B.C. takes aim at subsidized U.S. diesel flooding provincial market

Prince George-based Tidewater Renewables welcomed the province’s action to require low-fuel standards be met with Canadian products.

B.C.’s energy minister announced Thursday the province will be closing a regulatory loophole in an effort to stop subsidized U.S. diesel from flooding into B.C., a move that Prince George-based oil refinery Tidewater Renewables has been calling for as it risks going out of business.

Starting Jan. 1, 2026, the province’s five per cent renewable fuel standard for gas and diesel will be required to be met with Canadian-made fuel.

The province is also boosting the percentage of diesel that must be renewable from four per cent to eight per cent as of April 1.

“For too long, B.C. biofuel producers have operated in a market where their American counterparts benefited from subsidies that gave them a considerable competitive advantage. As many of you will note, these subsidies dramatically increased with the Inflation Reduction Act in the United States,” Dix told reporters at the legislature.

The Inflation Reduction Act was brought in by former U.S. President Joe Biden in 2022 and supports biofuel producers under the Clean Fuel Production Credit.
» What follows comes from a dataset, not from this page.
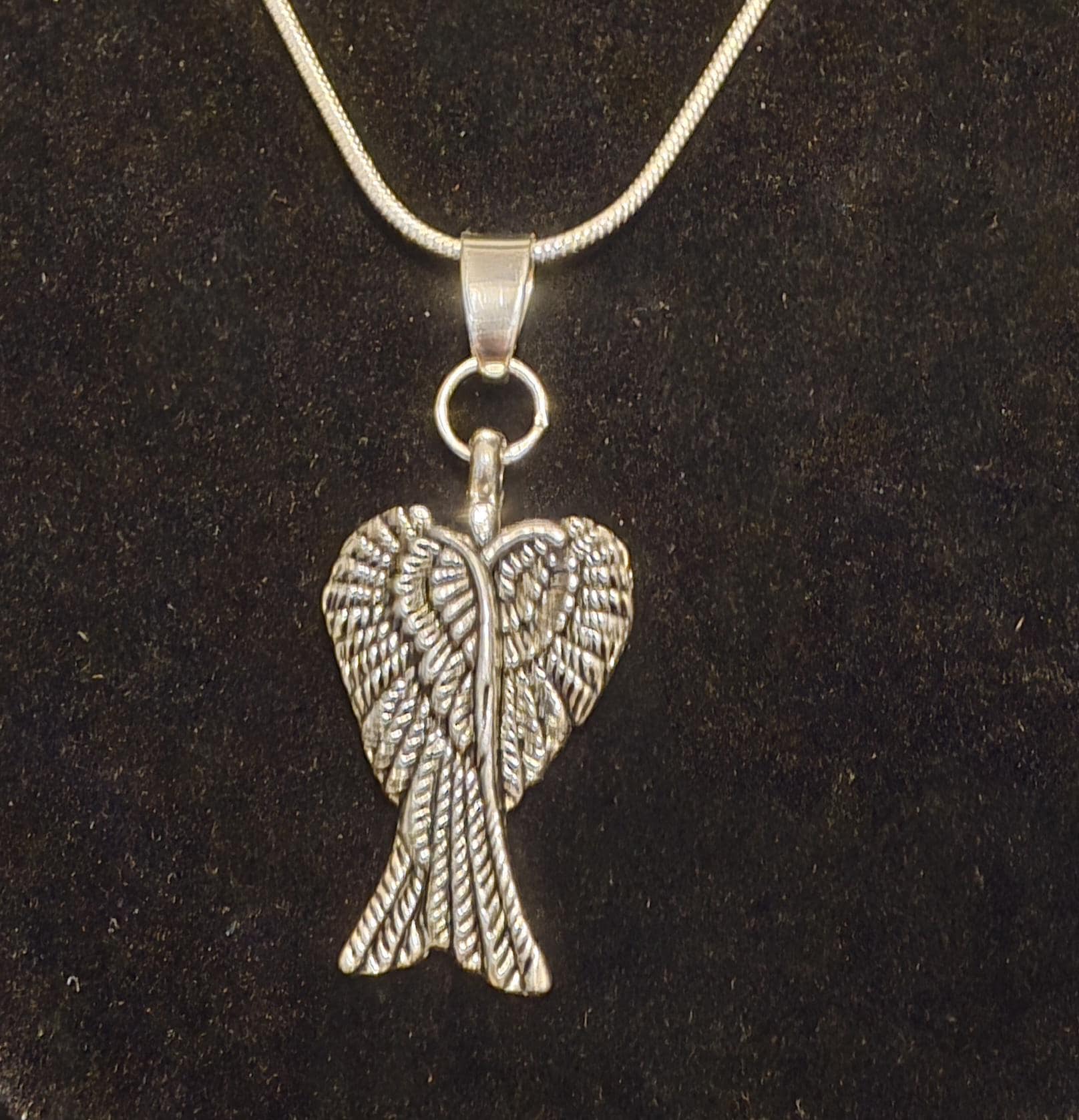 Wearing this pendant invites a personal connection for protection, having an angel by your side.

This has resulted in a major uptick in the country’s production of biodiesel and in its exports to Canada, where it also benefits from the low fuel standard that requires gas and diesel in B.C. to include a certain amount of renewable fuel.

Founded in 2021 after its parent company, Tidewater Midstream, bought a refinery from Husky Energy in Prince George, Tidewater Renewables has made a business out of producing renewable diesel at its refinery in Prince George.

It can produce up to 3,000 barrels of the energy source per day at the plant out of used cooking oils, beef tallow and canola oil. The company then uses the fuel to sell emission credits under the low-fuel standards program.

However, Tidewater Renewables recently announced that it hadn’t been able to sell any credits in the second quarter of this year and could shut down as soon as March if the outlook for its business didn’t change.

Tidewater Midstream chief financial officer Ian Quartly welcomed the province’s efforts to address the issue, but warned it won’t fully stop the flow of U.S. biodiesel.

“A lot of U.S. renewables will still come into the market, which will continue to make it a challenging environment,” said Quartly, who added he will continue to work with the province on further changes that can prop up B.C.’s biofuel sector.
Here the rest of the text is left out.